As it turns out, such a program runs quite slowly.

python yes.py | pv -r > /dev/null
[4.17MiB/s]

Compare with the built-in version on my "poppy":

yes | pv -r > /dev/null
[34.2MiB/s]

So I tried to write a faster version in Rust. Here is my first attempt:

use std::env;
fn main() {
  let expletive = env::args().nth(1).unwrap_or("y".into());
  loop {
    println!("{}", expletive);
  }
}

Some explanations:

  • The line we print in the loop is the first command line parameter called expletive . I learned this word from the manual yes.
  • I use unwrap_orto get expletive from parameters. If parameters are not set, the default is "y".
  • The default parameter is converted from string fragment ( &str) to owned()in heap ( String) with into().

We will test.

cargo run --release | pv -r > /dev/null
   Compiling yes v0.1.0
    Finished release [optimized] target(s) in 1.0 secs
     Running `target/release/yes`
[2.35MiB/s]

Oops, nothing really improved. It is even slower than the Python version! This interested me, so I looked for the source code for the implementation in C.
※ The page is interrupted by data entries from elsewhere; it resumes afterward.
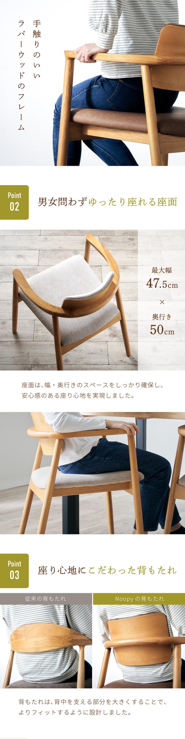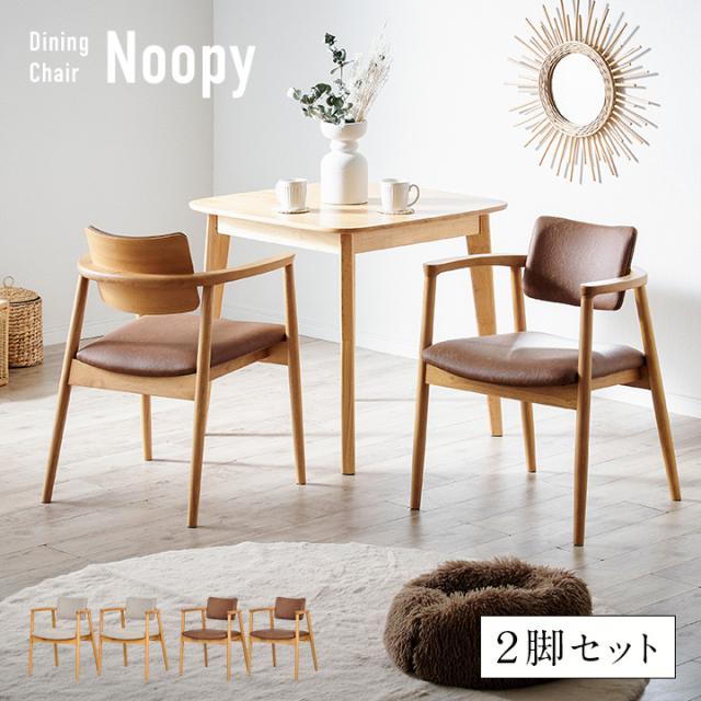 ダイニングチェア 2脚 Noopy(ヌーピー) 2色対応 肘付き ダイニングチェアー デスクチェア デスクチェアー ファブリック ダイニング 白 ホワイト 木製 おしゃれ シンプル ナチュラル 北欧 天然木 2客セット
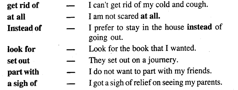 get rid of; at all; instead of; look for; set out; part with; a sigh of.
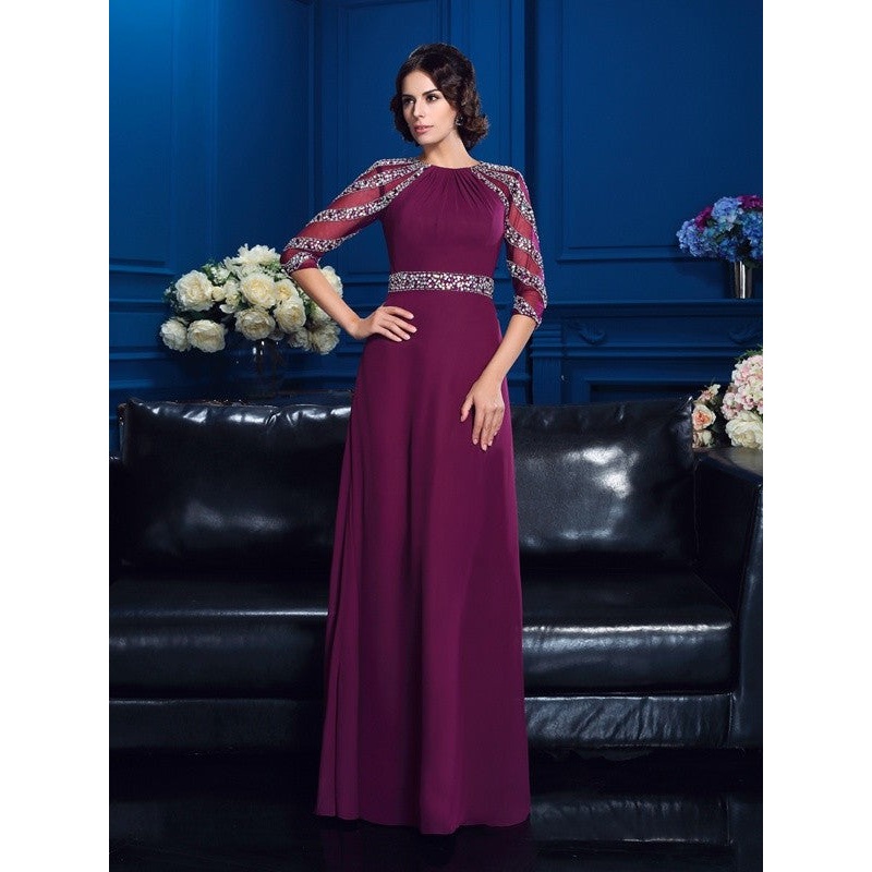 A-Line/Princess Scoop Beading 3/4 Sleeves Long Chiffon Mother of the Bride Dresses

Here is the very first version of the program that was released as part of Version 7 Unix by Ken Thompson on January 10, 1979:

main(argc, argv)
char **argv;
{
  for (;;)
    printf("%s\n", argc>1? argv[1]: "y");
}

No magic.

Compare with the 128-line version of the GNU coreutils kit, which has a mirror on Github . After 25 years, the program is still in active development! The last code change happened about a year ago. She's pretty fast:

# brew install coreutils
gyes | pv -r > /dev/null 
[854MiB/s]

The important part is at the end:

/* Repeatedly output the buffer until there is a write error; then fail.  */
while (full_write (STDOUT_FILENO, buf, bufused) == bufused)
  continue;

Yeah! So it simply uses a buffer to speed up write operations. The buffer size is set constant BUFSIZ, which is selected for each system in order to optimize I / O operations (see  here ). On my system, it was set as 1024 bytes. In reality, the best performance was with 8192 bytes.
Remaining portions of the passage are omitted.